Written By Jennifer Pell
Divorces are stressful and painful for everyone involved, but the little ones often are the ones who suffer the most, and good parents are well aware of this. A survey conducted for the American Sociological Review revealed that around 50% of American children have experienced, or will experience, the divorce of their parents. Understandably, parents are so emotionally entangled in their own struggles and the processes of a divorce that they might overlook the needs of their children. They are sometimes haunted by the guilt and fear that what they’re doing might affect their kid’s health and happiness, but it’s possible to manage these feelings and prevent the worst from happening.
Keep communication open
Some parents believe it’s best to stay together for the sake of the children, even if the marriage itself is not working. However, the constant fighting and tension of a bad relationship can be even more harmful for the kids than a reasonably well-carried out divorce. Dealing with emotional distress at home is psychologically damaging for the little ones, so don’t let your guilt or your fears guide your decisions, even for their sake. Instead, you should be honest with your children and keep open channels of communication from both sides. Make sure they understand they will be loved no matter what happens, and that they will never be alone, even in the toughest of times.
Take care of yourself
Big changes in the family such as a divorce are stressful enough for children, but the way the conflict affects parents might make it more difficult for them to take care of their kids when they need it the most. That’s why, as a parent, you need to take some time for yourself, find ways to relieve your stress and get advice and support from other people, be it friends, other family members or even professional help like a psychologist and/or support groups. The more help and healing you can get, the better suited you will be to take proper care of your children, and also to manage your divorce as well as possible.
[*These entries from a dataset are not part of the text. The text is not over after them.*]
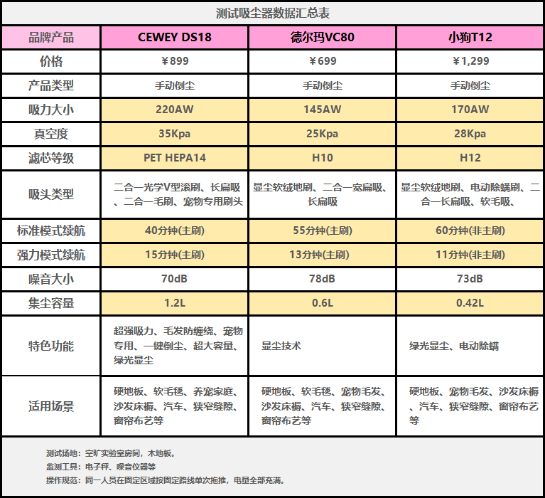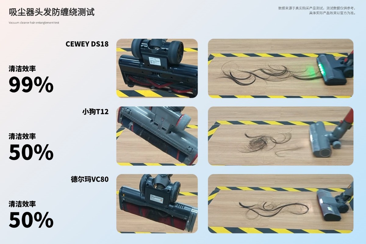 测试总结:防缠绕表现优秀:CEWEY防缠绕表现良好:小狗防缠绕表现一般:德尔玛在这项测试中,CEWEY DS18得益于防缠绕V型复合滚刷结构,清扫完基本没有出现残留情况,清理工作几乎可以忽略,使用体验轻松。小狗在应对长发时能吸走大部分毛发,但仍有少量缠绕,需要在清洁后用手取出几根,有点麻烦。追觅的缠绕情况相对明显,长发容易集中在滚刷中间,手动清理耗时较长,对于需要快速清洁的家庭是个不小的麻烦。
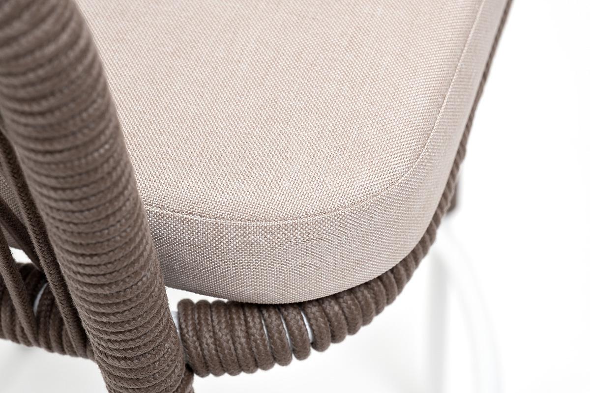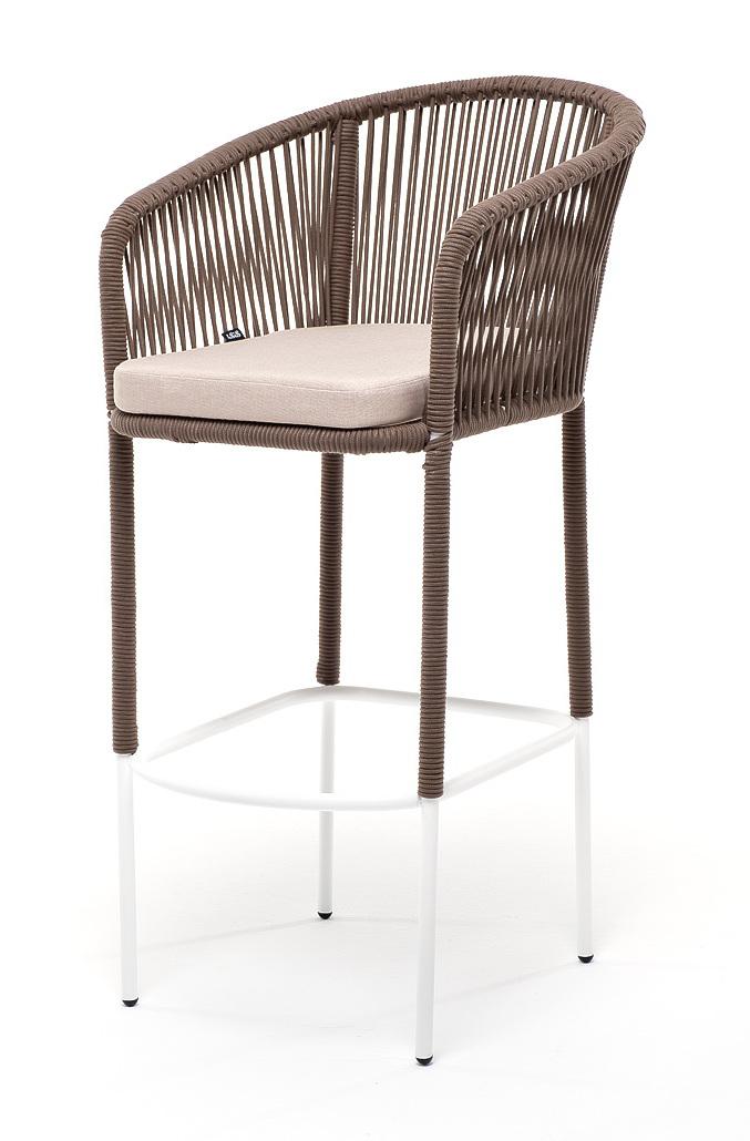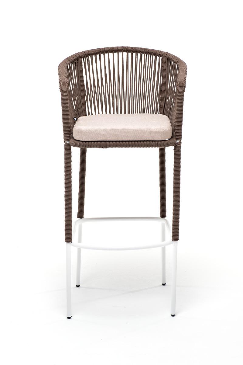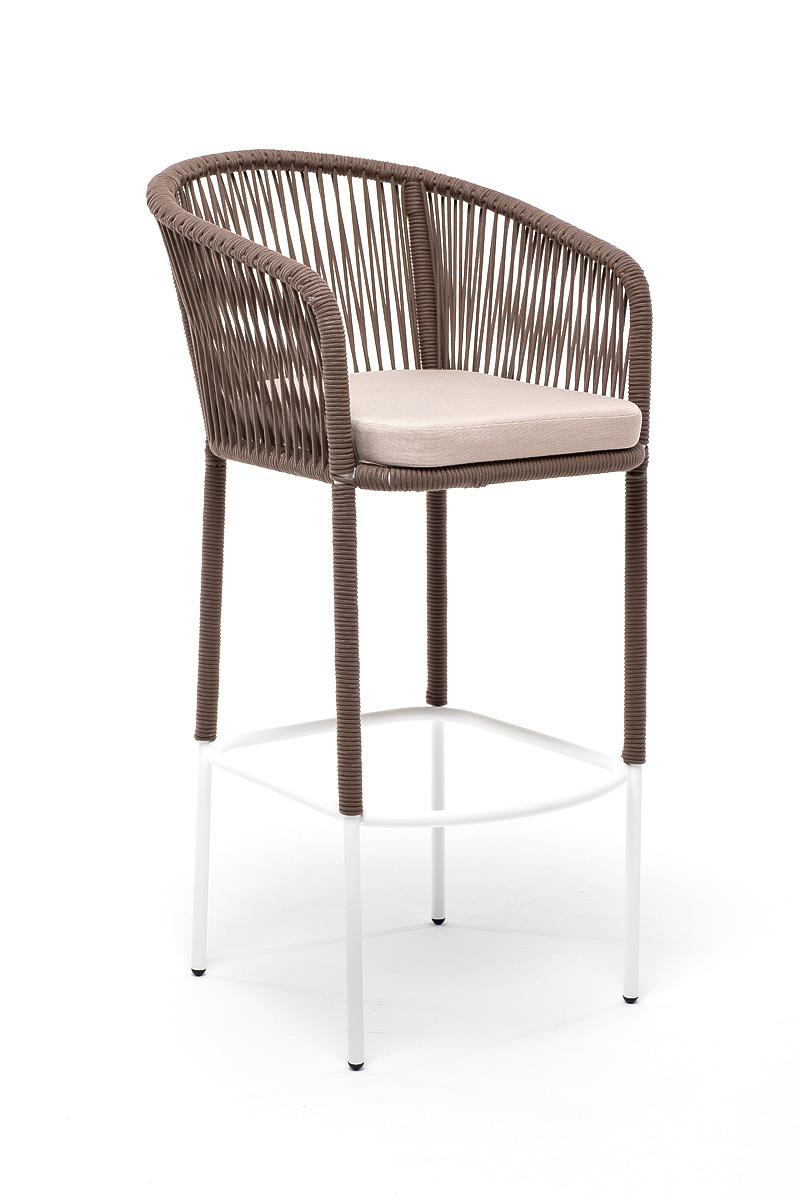 Стул 4SIS "Марсель" стул барный плетеный из роупа, каркас из стали белый муар, роуп коричневый круглый, ткань бежевая 052 арт. MAR-BCH-st001 W Mua brown(beige052)
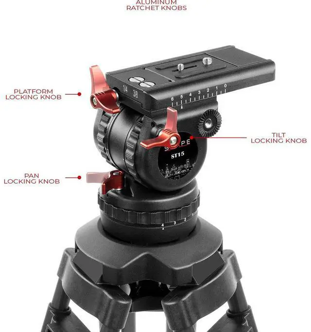The SHAPE Pro Video Tripod's fluid head is precision-made, featuring aluminum ratchet knobs that securely lock the head in place for meticulous control over pans and tilts. The camera plate is designed with a 2.36" (60mm) travel range, facilitating effortless balancing of your camera on the head. With 12 steps divided into two gears for tilt adjustments and 4 steps on one gear for pan movements, you have the granularity needed for precise framing and smooth motion. Experience the full range of motion with a tilt range of +90°/-70° and a complete 360° pan capability, allowing for limitless creative possibilities.
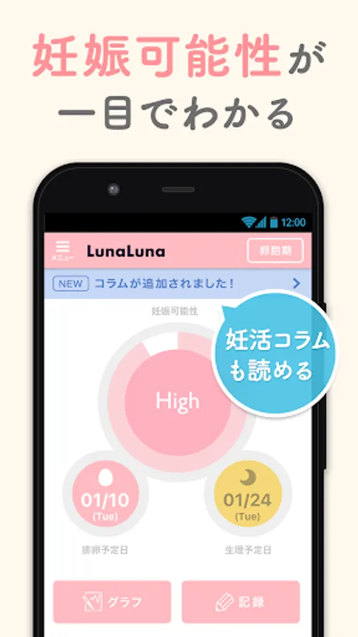 In addition, the current pregnancy possibility (whether it is easy or difficult to get pregnant) is displayed on the home screen to support pregnancy efforts!
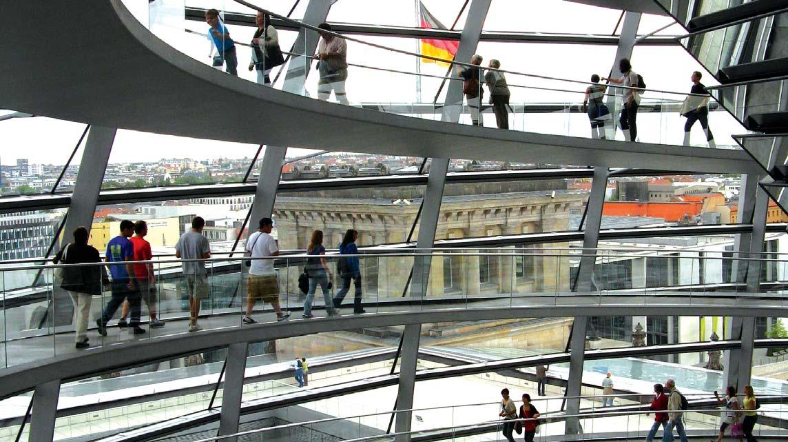 ultra-modern shiny metal railings and glass dome. A ramp that circled the dome led to a platform with an amazing 180-degree view of Berlin. The remodelled building is truly a great work of modern art.
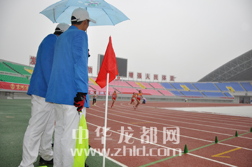 ??? 本網(wǎng)訊 11月22日下午,市二運會田徑賽場上徑賽項目冒雨進行。雨中,氣溫降至5攝氏度左右,觀眾也寥寥無幾。但是,我們的運動員和裁判仍然認真的進行著比賽。
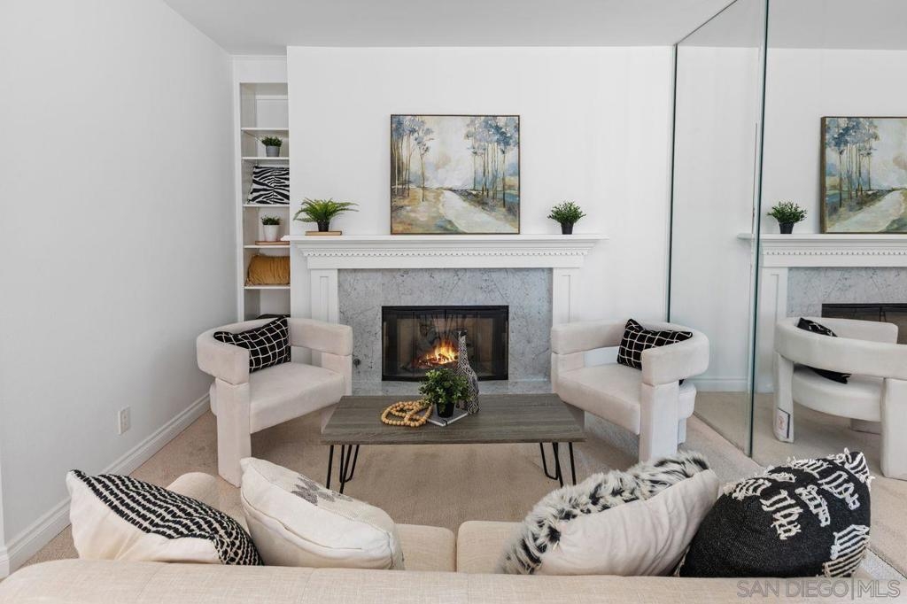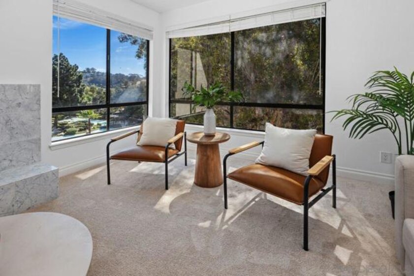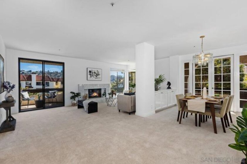 Welcome to the highly sought after gated community of The Courtyards in Mission Valley, where space, style, and serenity come together in one exceptional top floor corner residence. This rarely available 3 bedroom, 2 bath home offers an expansive 1,969 square feet of beautifully remodeled living space, filled with natural light and designed for both everyday comfort and entertaining. As a desirable top floor corner unit, you’ll enjoy added privacy along with three private balconies that invite in the breezes and allow the enjoyment of the gorgeous views. As a desirable top floor corner unit, you’ll enjoy added privacy along with three private balconies that invite in the breezes and allow the enjoyment of the gorgeous views. The floor plan is generous and thoughtfully designed, featuring a large living room with fireplace, a formal dining room for special gatherings, and a stunning, remodeled kitchen complete with breakfast nook. The finishes throughout are modern yet timeless; neutral tones, updated flooring, designer paint, and tastefully renovated bathrooms create a cohesive, move-in ready home that feels both elegant and welcoming. The primary suite is truly a retreat of its own, offering a spacious bedroom with a balcony plus an oversized sitting area with a custom fireplace, the perfect place to unwind at the end of the day. Two additional bedrooms provide flexibility for guests, office space, or whatever suits your lifestyle. In unit laundry adds everyday convenience. Residents of The Courtyards enjoy resort style amenities including peaceful walking paths around a tranquil pond, sparkling pools, tennis court, a clubhouse/meeting room, library, and beautifully maintained grounds. All of this just moments from upscale shopping, dining, banking, and every service you could need. Immaculate, extensively remodeled, and truly turnkey, this is elevated Mission Valley living at its finest! Please note: Fireplaces flame has been digitally staged.
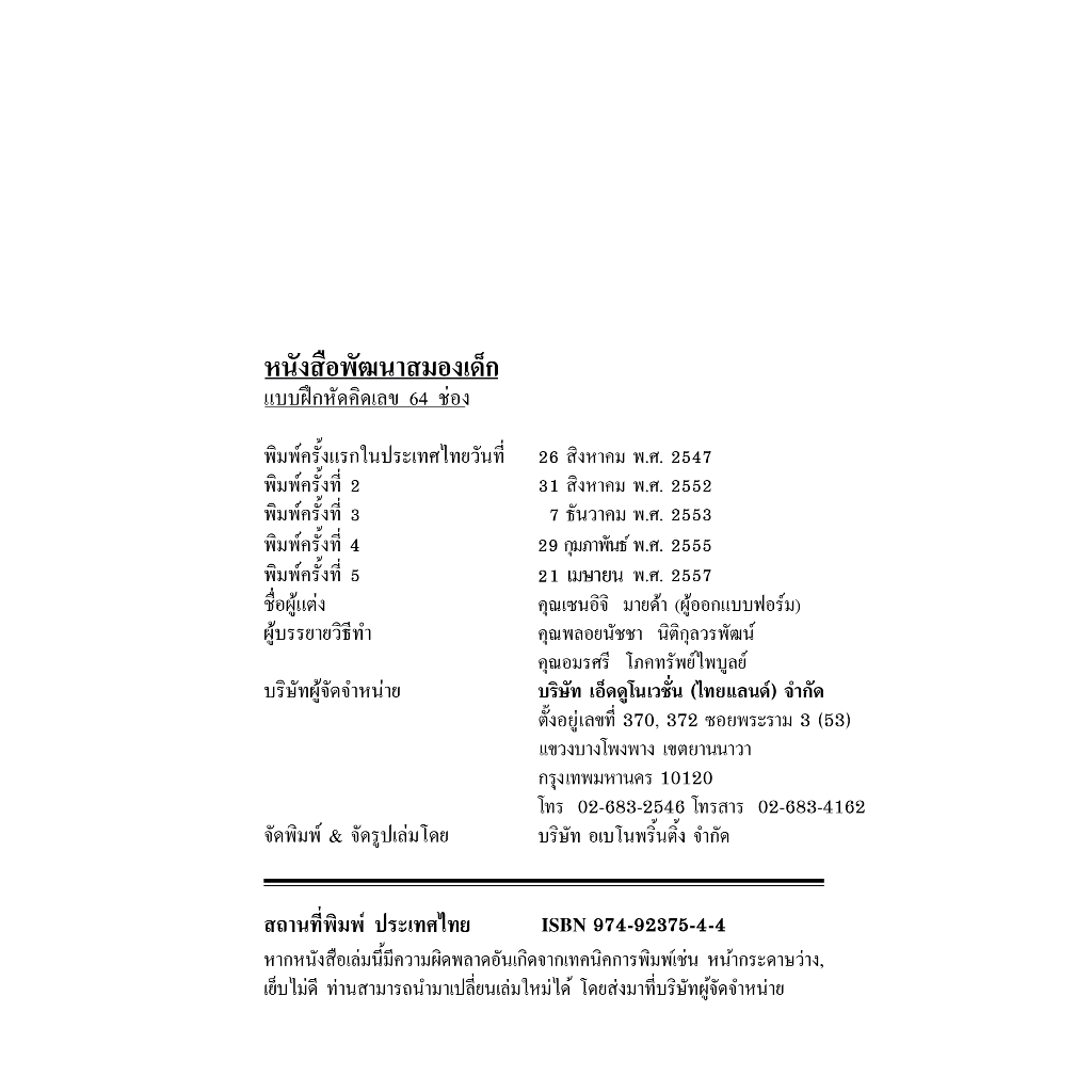 แบบฝึกหัดคำนวณแบบตอกย่ำ 64 ช่อง เล่ม 1 เสริมพัฒนาแก่เด็กในวัย 3-12 ปี

Light at the end of the tunnel
Breaking up marriages can be painful for everyone involved, but at the same time, it’s a strong opportunity for improving the climate of the family, finding more fulfilling relationships and solving problems due to emotional tension. Take care of yourself and your children, and help them understand that this is part of life and that you will always be a big family. Guilt doesn’t help you or your children: it just adds more distress to the whole family.
Talking to someone who has been in your situation, and/or a therapist, will help you see things in a different light and feel less alone, and it’s a great way to cope with anxiety. Find a therapist for your children if you feel it’s necessary, in order to help them through the process and reduce the chances of lasting emotional scars. Helping your kids as much as you can during these times and sharing quality time with them in spite of it all will lower your anxiety as well as theirs. Whenever you feel guilty about what they’re going through, remember that you’re helping them learn how to manage real life events they may face themselves when they’re older. Every parent makes mistakes, but if difficult situations are handled with communication, emotional holding and the right help, your children will grow up stronger and better suited for the things to come.